● **TO DO**
After locating "L’ampliamento dell’Hotel Feuerstein" in the listing below, copy that line and each one after it exactly, ending with the line that has "It used to be".

● **DATA FOR PROCESSING**
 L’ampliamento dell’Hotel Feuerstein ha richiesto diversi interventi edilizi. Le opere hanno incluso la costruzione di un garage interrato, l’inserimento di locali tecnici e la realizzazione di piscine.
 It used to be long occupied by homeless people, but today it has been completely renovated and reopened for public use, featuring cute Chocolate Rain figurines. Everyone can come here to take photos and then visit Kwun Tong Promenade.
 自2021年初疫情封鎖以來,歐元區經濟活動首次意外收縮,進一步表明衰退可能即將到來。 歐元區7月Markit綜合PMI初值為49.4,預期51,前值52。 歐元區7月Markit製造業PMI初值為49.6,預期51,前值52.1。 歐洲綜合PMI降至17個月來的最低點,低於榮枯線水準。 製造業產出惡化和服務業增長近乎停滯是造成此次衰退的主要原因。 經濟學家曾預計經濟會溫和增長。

--

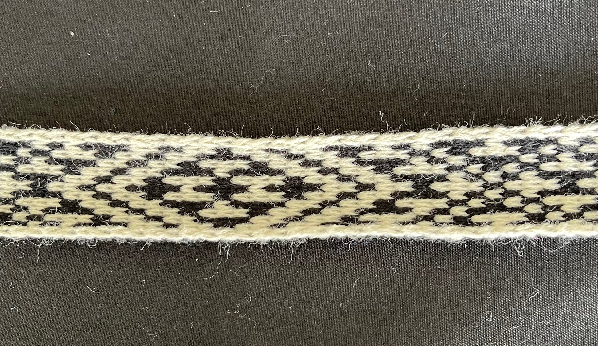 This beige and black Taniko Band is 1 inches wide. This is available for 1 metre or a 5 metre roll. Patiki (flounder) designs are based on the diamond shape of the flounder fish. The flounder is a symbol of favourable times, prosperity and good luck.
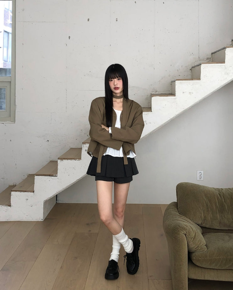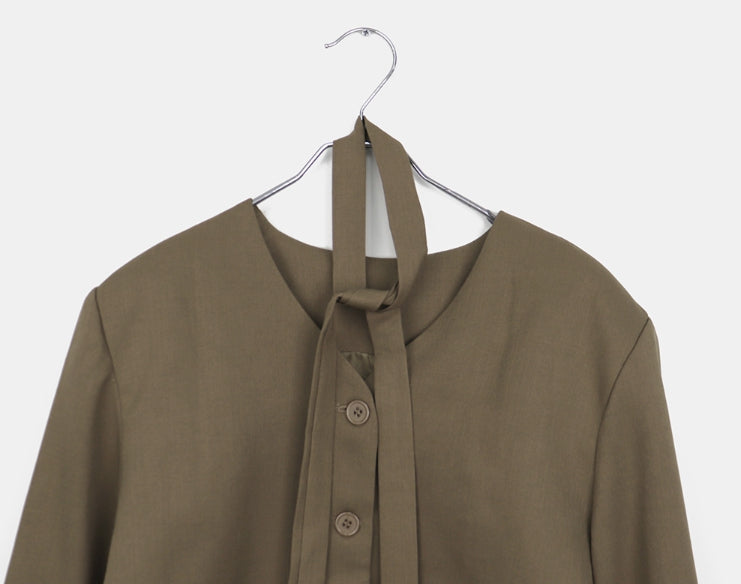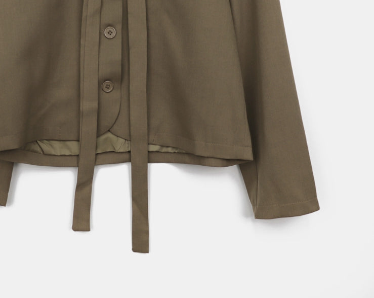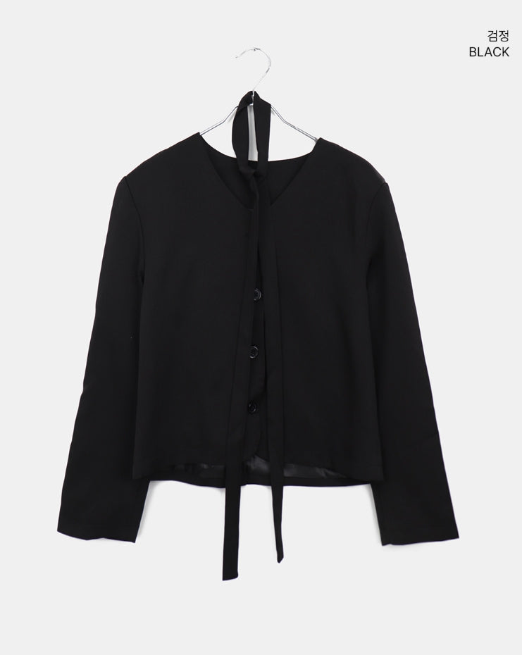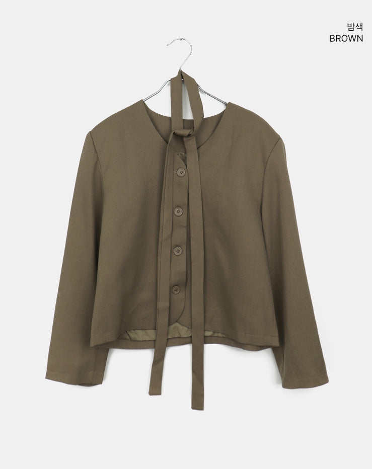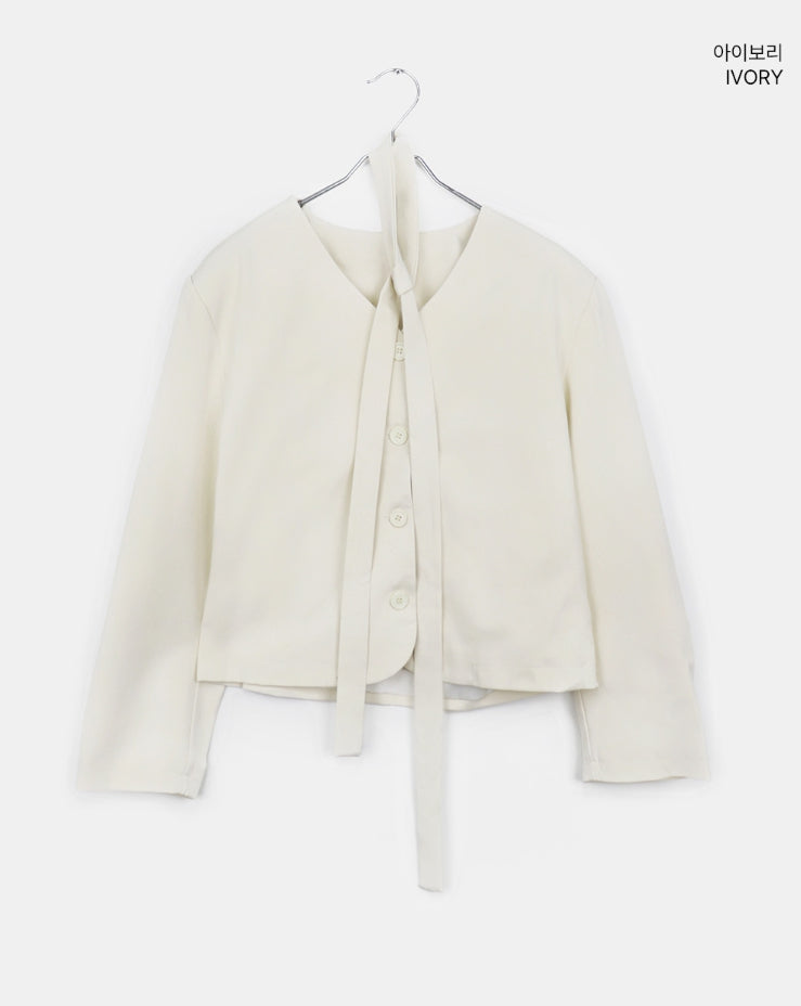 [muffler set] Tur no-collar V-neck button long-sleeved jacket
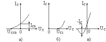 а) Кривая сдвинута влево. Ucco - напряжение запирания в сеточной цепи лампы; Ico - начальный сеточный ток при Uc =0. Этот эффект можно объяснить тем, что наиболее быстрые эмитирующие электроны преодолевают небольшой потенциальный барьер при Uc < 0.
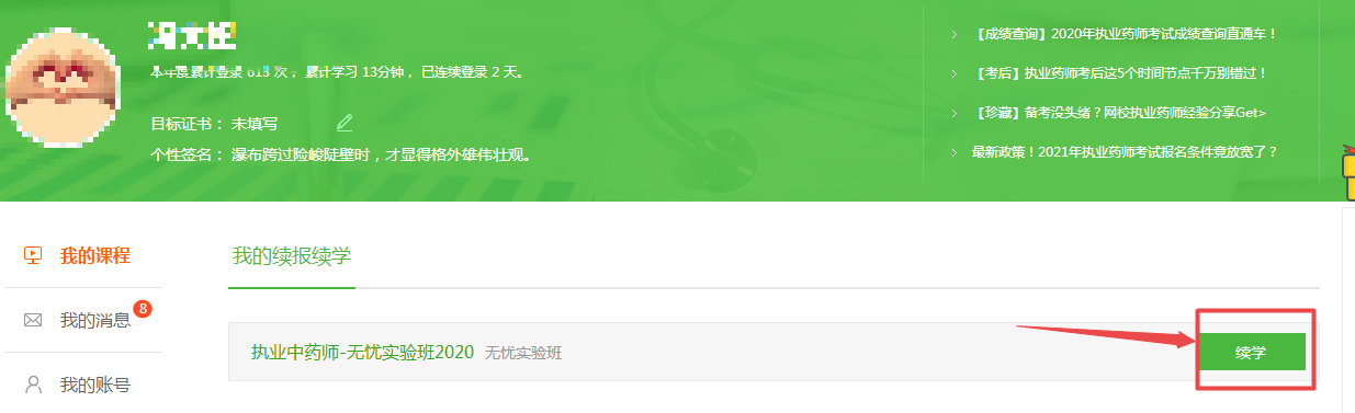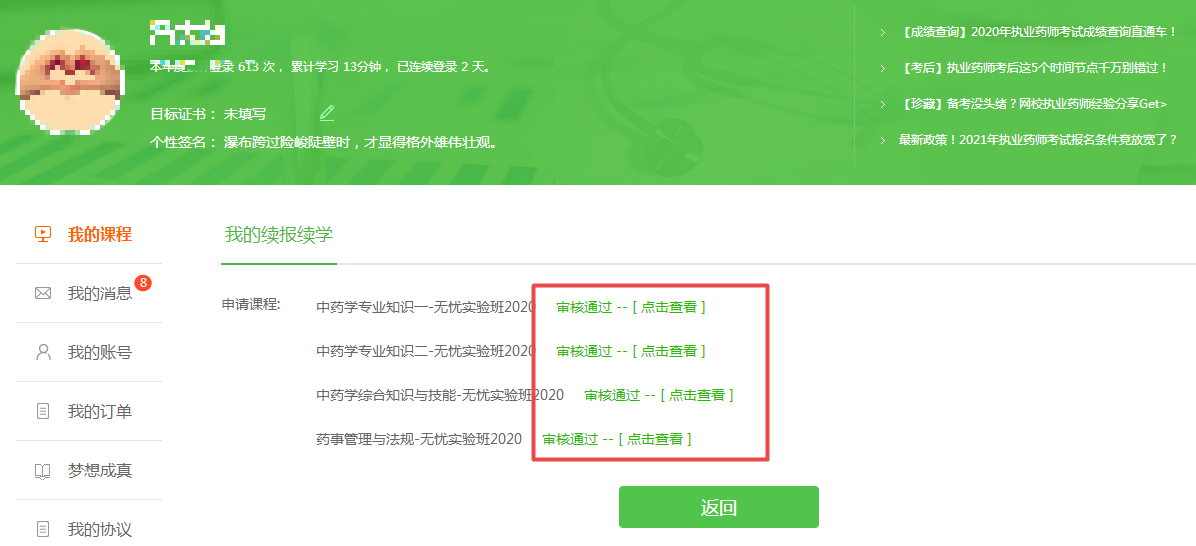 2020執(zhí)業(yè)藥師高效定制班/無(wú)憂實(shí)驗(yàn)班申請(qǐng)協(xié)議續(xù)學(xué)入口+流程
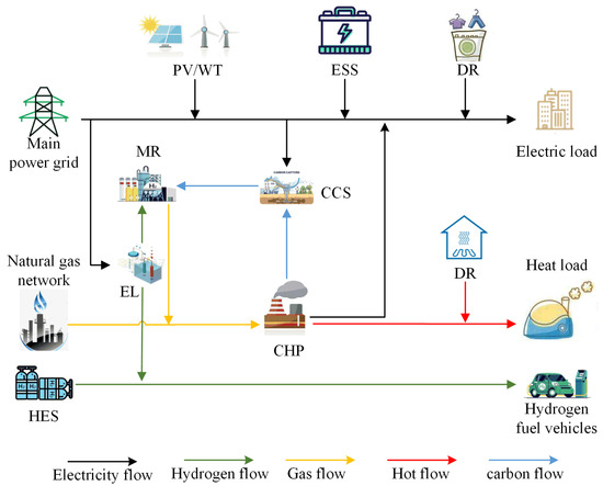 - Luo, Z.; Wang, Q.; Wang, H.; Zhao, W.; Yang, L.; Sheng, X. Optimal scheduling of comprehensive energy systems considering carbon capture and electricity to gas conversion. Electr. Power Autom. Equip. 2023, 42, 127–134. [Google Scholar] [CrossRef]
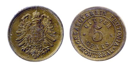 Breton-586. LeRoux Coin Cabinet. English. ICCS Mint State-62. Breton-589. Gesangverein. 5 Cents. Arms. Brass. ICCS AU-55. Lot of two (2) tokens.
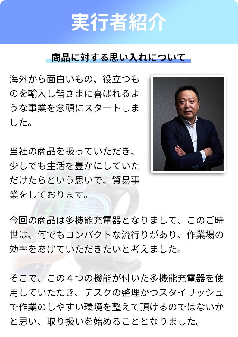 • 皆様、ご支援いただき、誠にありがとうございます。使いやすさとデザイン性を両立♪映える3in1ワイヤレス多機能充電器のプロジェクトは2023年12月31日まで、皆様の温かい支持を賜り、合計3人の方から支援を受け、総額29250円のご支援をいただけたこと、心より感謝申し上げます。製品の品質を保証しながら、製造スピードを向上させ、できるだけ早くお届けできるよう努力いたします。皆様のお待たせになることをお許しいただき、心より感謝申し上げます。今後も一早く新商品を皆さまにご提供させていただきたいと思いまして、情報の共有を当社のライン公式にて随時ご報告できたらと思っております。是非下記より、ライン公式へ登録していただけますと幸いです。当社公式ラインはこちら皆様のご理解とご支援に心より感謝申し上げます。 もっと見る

● **REPLY**
 L’ampliamento dell’Hotel Feuerstein ha richiesto diversi interventi edilizi. Le opere hanno incluso la costruzione di un garage interrato, l’inserimento di locali tecnici e la realizzazione di piscine.
 It used to be long occupied by homeless people, but today it has been completely renovated and reopened for public use, featuring cute Chocolate Rain figurines. Everyone can come here to take photos and then visit Kwun Tong Promenade.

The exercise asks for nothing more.